━━━ Records for the task ━━━

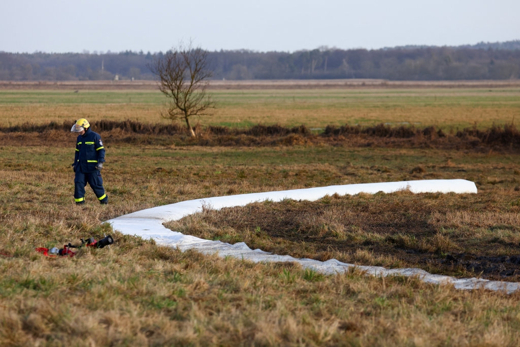 12月11日,在德国勃兰登堡州格拉姆措附近,一名工作人员在输油管道泄漏地点工作。
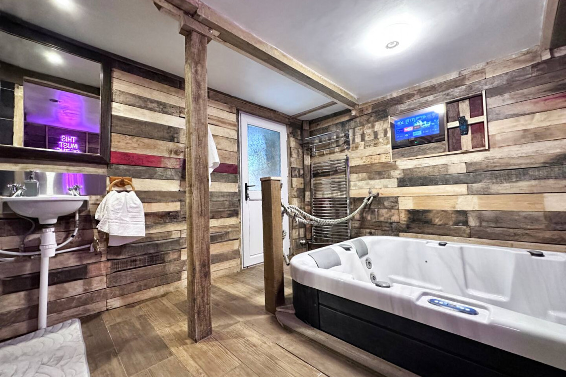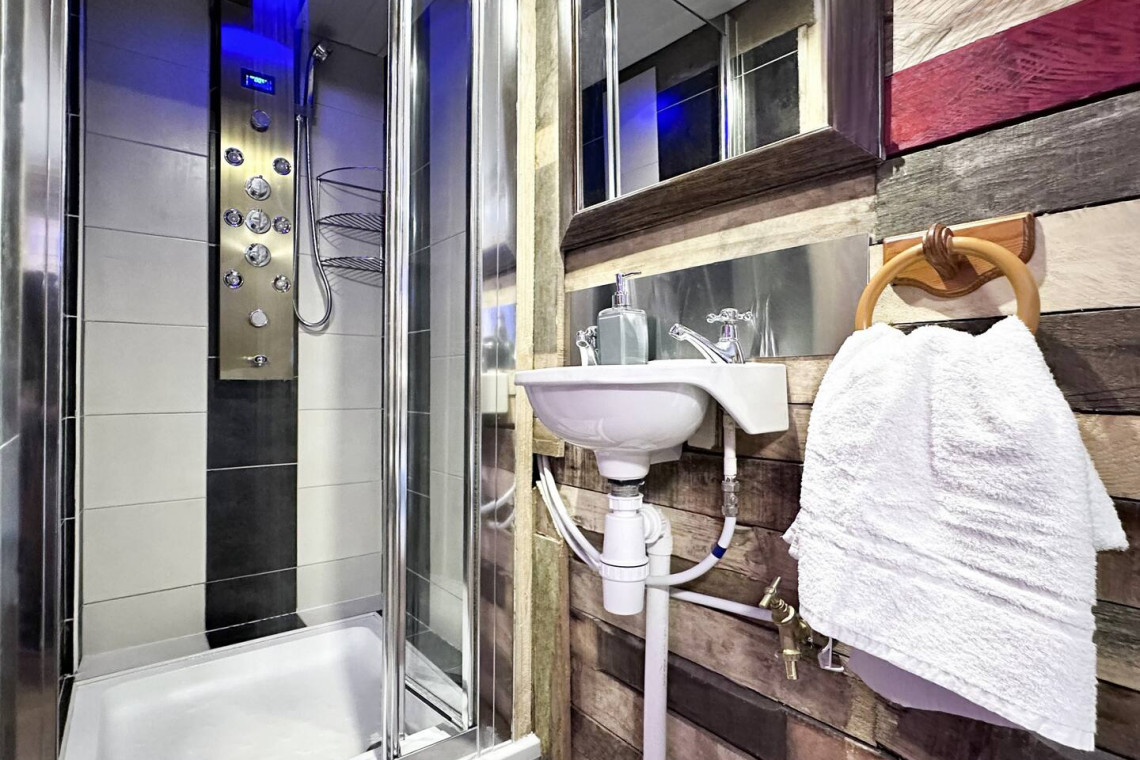 The space is open plan with complete flow… A double bedroom that flows into the living space area via bifold doors… which then flows through to a spacious and versatile kitchen. The kitchen leads out to the garden area which incorporates a picturesque gazebo, a urinal cubicle for convenience and access to our ‘special’ basement SPA room.
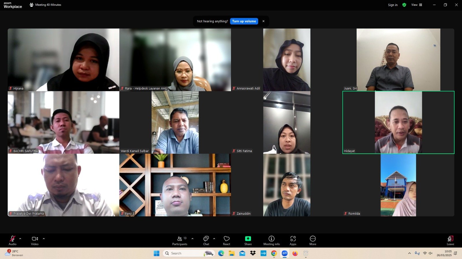 Kepala Divisi Pelayanan Hukum Kemenkum Sulbar, Hidayat, saat menggelar monitoring pelaksanaan tugas yang dilaksanakan secara virtual melalui Zoom menyebut bahwa monitoring ini bertujuan untuk memastikan bahwa pelayanan AHU tetap berjalan dengan baik dan optimal meskipun terdapat penyesuaian jam kerja.
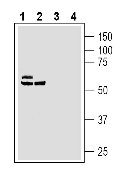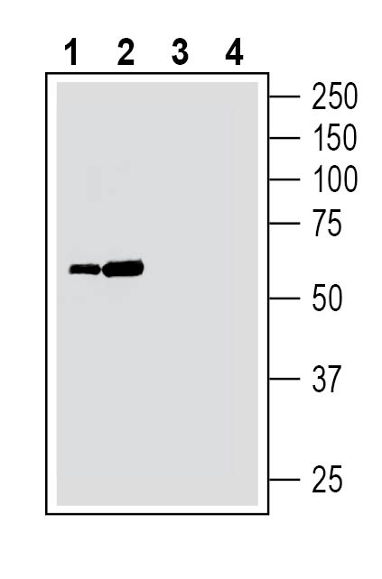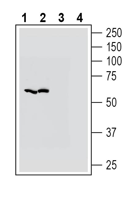 Western blot analysis of mouse brain membranes (lanes 1 and 3) and rat brain membranes (lanes 2 and 4):1-2. Anti-ZIP14 (SLC39A14) Antibody (#AZT-024), (1:200).
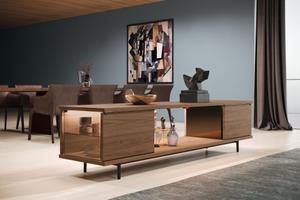 The Farns Sideboards können genauso Lichtkörper wie Raumteiler sein. Die Türen lassen sich um 180° öffnen.
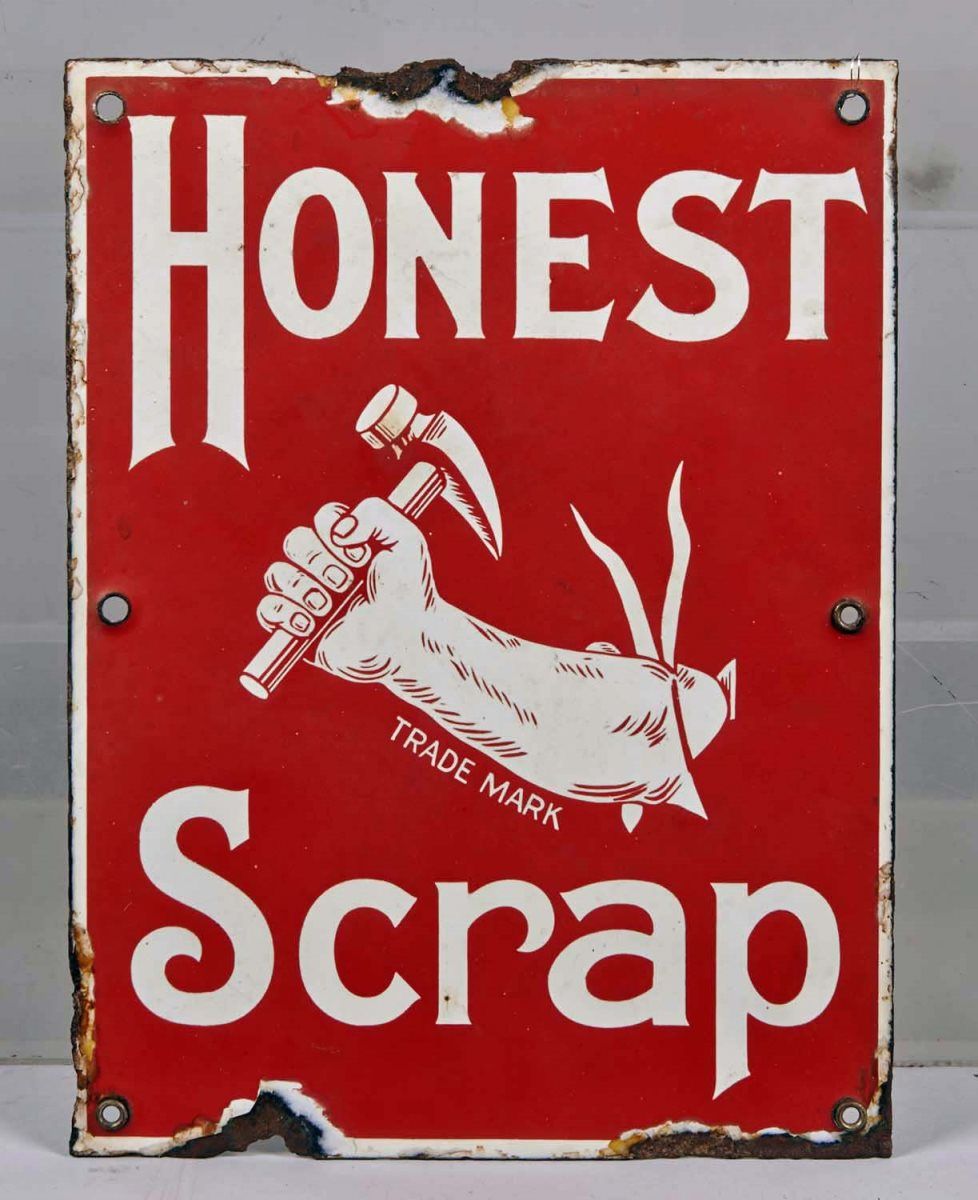 This sign features an arm with hammer. It is red and white with damage to edges. Condition (Very Good). Size 9" x 12'
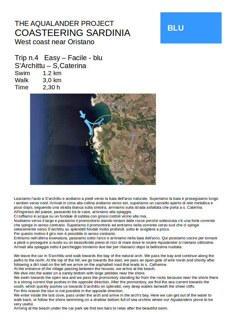 ITALIANO Lasciamo l'auto a S'archittu e andiamo a piedi verso la baia dell'arco naturale. Superiamo la baia e proseguiamo lungo i sentieri verso nord. Arrivati in cima alla collina andiamo verso est, superiamo un cancello aperto di rete metallica e poco dopo, seguendo una strada bianca sulla sinistra, arriviamo sulla strada asfaltata che porta a s. Caterina.

━━━

**Problem to solve**
Your answer must be the lines from the one containing "This sign features" through the final line of the entries, duplicated exactly, with both ends kept and all pictures left out.

**Exercise solution**
 This sign features an arm with hammer. It is red and white with damage to edges. Condition (Very Good). Size 9" x 12'
 ITALIANO Lasciamo l'auto a S'archittu e andiamo a piedi verso la baia dell'arco naturale. Superiamo la baia e proseguiamo lungo i sentieri verso nord. Arrivati in cima alla collina andiamo verso est, superiamo un cancello aperto di rete metallica e poco dopo, seguendo una strada bianca sulla sinistra, arriviamo sulla strada asfaltata che porta a s. Caterina.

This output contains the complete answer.